In the seemingly never-ending quest to stay relevant and competitive in the tech industry the phrase “Jack of all trades, master of none” often rings true. Cybersecurity companies sometimes overengineer their offering as they try to cater to the needs of everyone in the market. This has been the case with data lakes offered for security purposes.

When Anton Chuvakin, aware of this trend, was reviewing his 2012 article on why DYI data lake projects will fail, he highlighted the high difficulty and costs of large-scale data analysis infrastructure and that traditional SIEMs are still hard to operate. Many organizations have turned to data lakes pushed by some newer versions of data lakes with reduced difficulty or costs of implementation. 

Sergio Lozano Álvarez
Sergio Lozano Álvarez

Product Marketing Manager

What Really is a Data Lake? 

Organizations need more data sources as they grow and deal with different use cases. This has led to the proliferation of many log management and security solutions operating as “data lakes”. 

A data lake by its common definition is for data storage in its native format and requires engineering-heavy teams to make sure the project succeeds. When discussing data lakes, it’s important to differentiate between data lakes in the real sense of the word and hybrid solutions, which are closer to how SIEM works than to data lakes. These SIEMs that sold themselves as hybrid solutions ingest data and index it over servers, instead of doing its native, raw format. 

So, from this perspective, one could argue that SIEM solutions operate like security data lakes. And if companies start ingesting other security-related data that will contribute, such as IT Operations and Application Performance in the same platform, following this logic, the combination of these three into a single source of truth can hypothetically make up for a security data lake.
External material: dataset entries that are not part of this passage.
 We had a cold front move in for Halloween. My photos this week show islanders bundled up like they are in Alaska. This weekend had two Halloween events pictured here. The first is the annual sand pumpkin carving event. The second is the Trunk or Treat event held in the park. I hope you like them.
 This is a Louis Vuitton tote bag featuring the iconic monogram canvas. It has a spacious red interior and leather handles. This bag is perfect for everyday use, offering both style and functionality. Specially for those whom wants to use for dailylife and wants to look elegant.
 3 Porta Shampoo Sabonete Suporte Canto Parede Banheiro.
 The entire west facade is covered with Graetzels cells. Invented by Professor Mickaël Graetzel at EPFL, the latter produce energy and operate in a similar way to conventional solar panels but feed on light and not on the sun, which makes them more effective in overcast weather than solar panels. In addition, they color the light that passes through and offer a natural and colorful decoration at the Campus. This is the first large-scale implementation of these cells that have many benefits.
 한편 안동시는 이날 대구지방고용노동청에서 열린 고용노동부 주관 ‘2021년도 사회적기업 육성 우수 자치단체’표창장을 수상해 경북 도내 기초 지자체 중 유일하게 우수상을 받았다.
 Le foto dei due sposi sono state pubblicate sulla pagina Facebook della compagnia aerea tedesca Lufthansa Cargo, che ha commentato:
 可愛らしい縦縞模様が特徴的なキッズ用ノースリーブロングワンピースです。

Or perhaps not. 

Multiple Sources of Truth vs. Data-Lake-Based Solutions 

The rationale behind all this hoopla is that multiple sources of truth can cause friction between teams and having different solutions increases the costs. So, it’s best to have security, IT operations, and application performance data in one platform.  
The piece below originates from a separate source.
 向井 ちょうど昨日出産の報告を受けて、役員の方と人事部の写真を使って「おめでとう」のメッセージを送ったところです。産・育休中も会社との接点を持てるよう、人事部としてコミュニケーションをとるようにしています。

The argument of those in favor of this data-lake-based approach is that these solutions can provide tailored use cases by collecting and storing as much data as possible into a single platform. 

While this can be true, such practice can also lead to the collection, storage, and processing of irrelevant data – not to mention the high costs of it. The reason for such a little return on investment is that the data sets required to address use cases in security, IT Operations and Application Performance will rarely overlap.  

If the ingestion of all those events contributes poorly to the security altogether and the overlapping data is too narrow and will leave out a big chunk. Which do you ingest - everything, or the overlapping areas? 

The Risks of Going for a Data-Lake-Based Approach 

It’s obvious these are not data lakes in the true meaning of the word, but rather log management and SIEM solutions that aim to meet halfway the needs of data usage and optimization and they do that by removing the complex engineering a real data lake would require. 

However, in the process of removing this complexity, they increase the need for more data structure and governance to ensure reliable collection. It’s not as simple as throwing data and fishing it out later. Otherwise, it’s likely that the data-lake project spirals out of control leaving them with a pool of unstructured data, also known as data swamp, and with high data collection costs. 

 

In addition to the risk of organizations not knowing what they are doing, there’s also the risk of only focusing on the overlapping data sets required for use cases and leaving out the rest. However, if they wanted, this would be a costly task of nitpicking logs. Because even when the data source is employed for different use cases the logs can differ in each case 

Furthermore, only ingesting certain logs and ignoring others can lead to a lack of visibility, and attackers will always try to find the path of least resistance. So, in case of a data breach, analysts are blind to what happened in those areas.  

This approach can make things more complicated in relation to requirements of data breach notifications, as happens with GDPR and NIS2. Then, organizations realize they are back to square one, and they must deal with ingesting all the data again. 

The Logpoint Approach to Collecting Data 

In conclusion, the problem with this lake-based approach in SIEM is that it’s prone to fail if companies don’t know how much data they need to ingest and what data they need for what use case. It’s not as simple as dumping all the data and fishing it later. Instead, they should have an unlimited budget if they’re willing to ingest all possible logs, as well as resources to build processes to avoid a data swamp.  

On the contrary, Logpoint’s approach with Converged SIEM positions itself as a value-for-money solution. It comes with use cases and out-of-the-box configuration templates to provide companies with what they need. With licensing based on a number of nodes, or employees based on deployment, there’s no need to worry about increasing costs of data collection. 

We understand that there’s no easy solution to friction between teams and organizations need to find the way that works best for them. Nonetheless, they must factor in the costs involved in these so-called data lakes and the risks if they are unsure about what they are doing. Or alternatively, they should opt for cost-effective SIEM solutions that can ingest a lot of data and store it at a low price but come with out-of-the-box use cases and customizable templates.